TASK BRIEF =
Return each line of the data below verbatim; pictures are to be left out.

DATA SEGMENT =
== Segment start ==
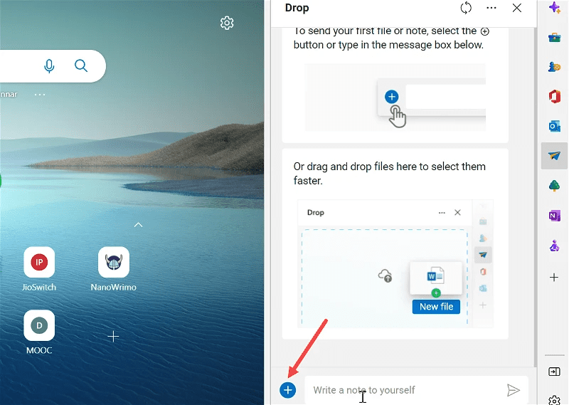 Αφού λοιπόν έχεις ενεργοποιήσει το Microsoft Edge Drop στο sidebar θα μπορείς να κάνεις κοινή χρήση αρχείων. Συγκεκριμένα:
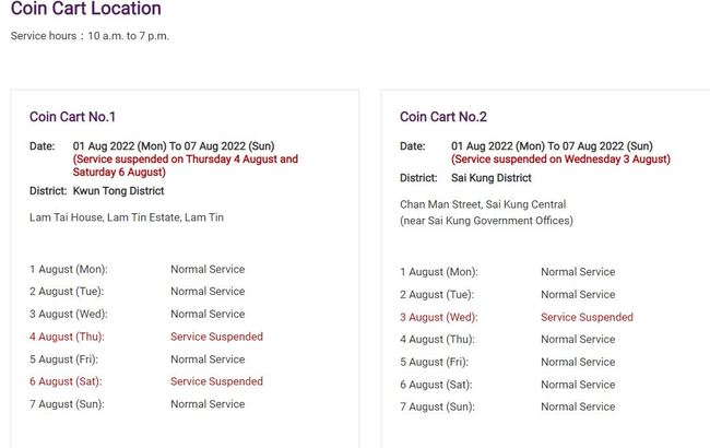 통화국이 오는 8월 29일부터 10월 30일까지 동전수집 차량 스케줄을 공개했다. ▶ 자세한 사항 coincollection.hkma.gov.hk 코인수집 서비스는 지난 2014년 10월에 시작되었으며 올해 7월 말까지 총 969,000건의 거래로 총 hkd7억 7,900만 코인을 수집했다. 동전교환은 현금으로 지급받거나 옥토퍼스등에 충전할 수 있다.
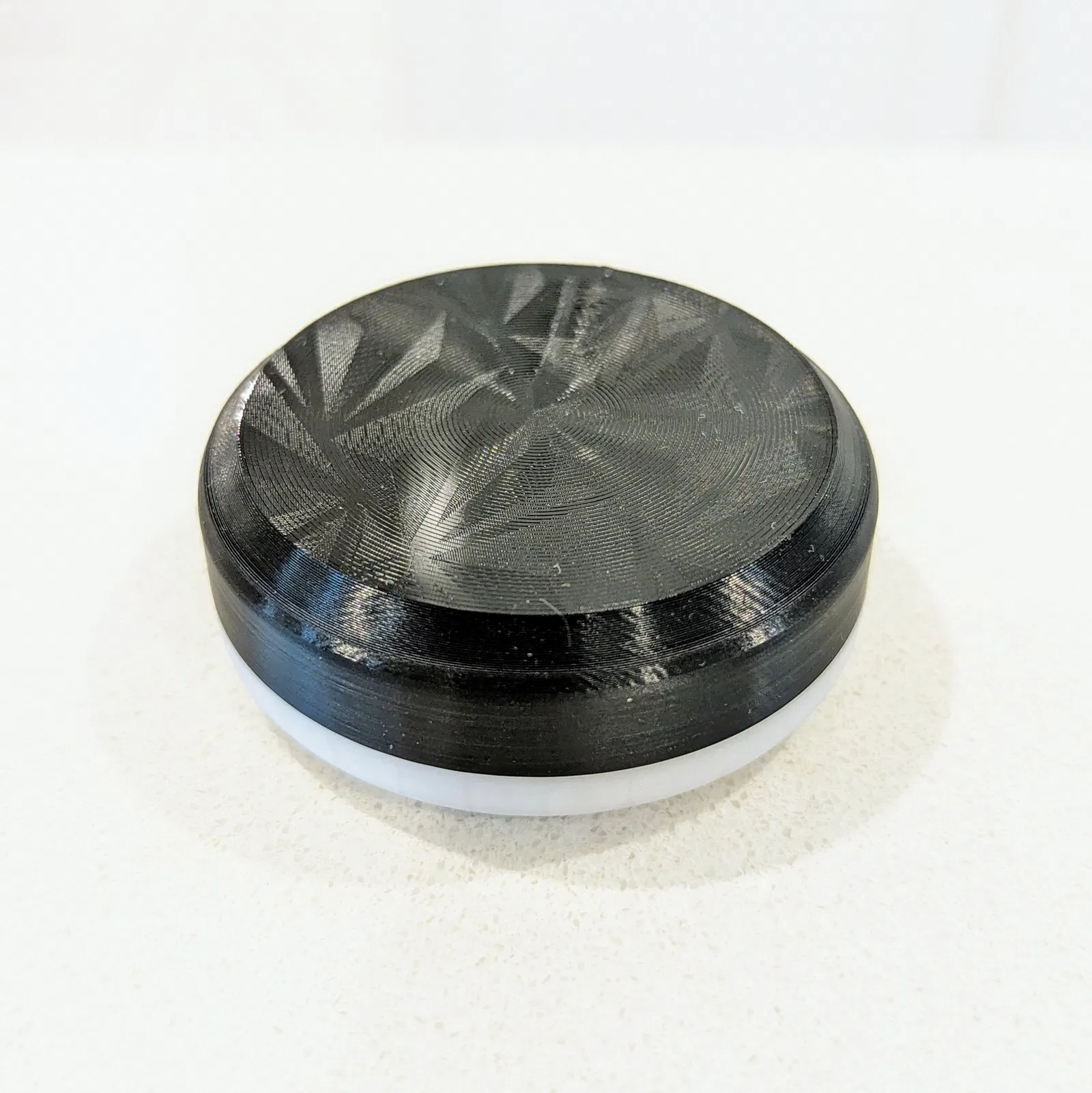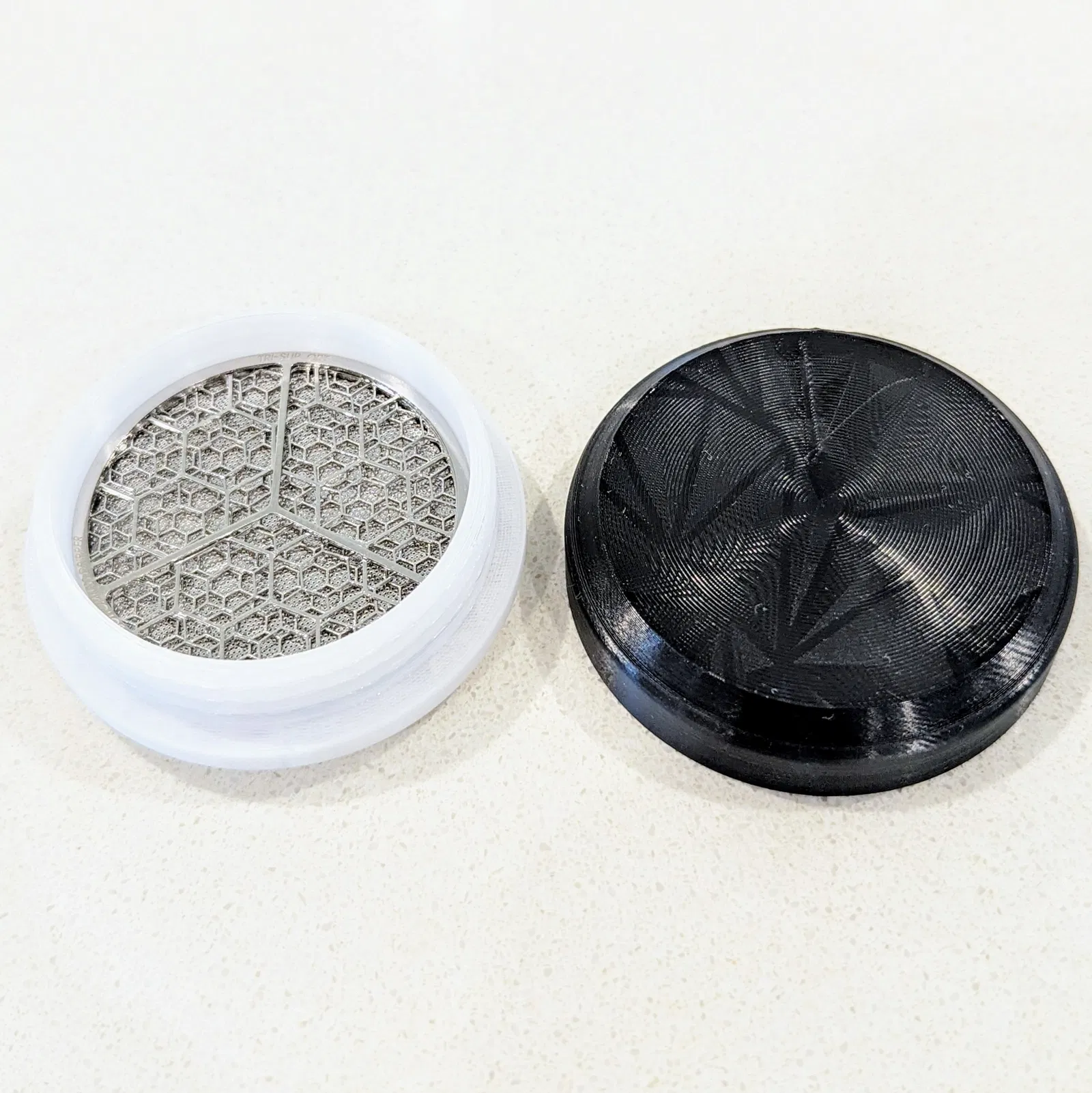 Hộp đựng màn lọc tròn cho máy pha cà phê đáy bằng Sworksdesign. Nắp hộp có thể vặn vào đáy, có chừa thêm không gian cho các mẫu màn lọc tương lai. In không cần vật liệu hỗ trợ.
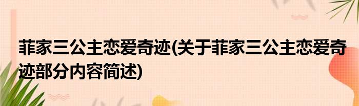 菲家三公主恋爱奇迹(关于菲家三公主恋爱奇迹部分内容简述)
== Segment end ==
WRITTEN ANSWER =
 Αφού λοιπόν έχεις ενεργοποιήσει το Microsoft Edge Drop στο sidebar θα μπορείς να κάνεις κοινή χρήση αρχείων. Συγκεκριμένα:
 통화국이 오는 8월 29일부터 10월 30일까지 동전수집 차량 스케줄을 공개했다. ▶ 자세한 사항 coincollection.hkma.gov.hk 코인수집 서비스는 지난 2014년 10월에 시작되었으며 올해 7월 말까지 총 969,000건의 거래로 총 hkd7억 7,900만 코인을 수집했다. 동전교환은 현금으로 지급받거나 옥토퍼스등에 충전할 수 있다.
 Hộp đựng màn lọc tròn cho máy pha cà phê đáy bằng Sworksdesign. Nắp hộp có thể vặn vào đáy, có chừa thêm không gian cho các mẫu màn lọc tương lai. In không cần vật liệu hỗ trợ.
 菲家三公主恋爱奇迹(关于菲家三公主恋爱奇迹部分内容简述)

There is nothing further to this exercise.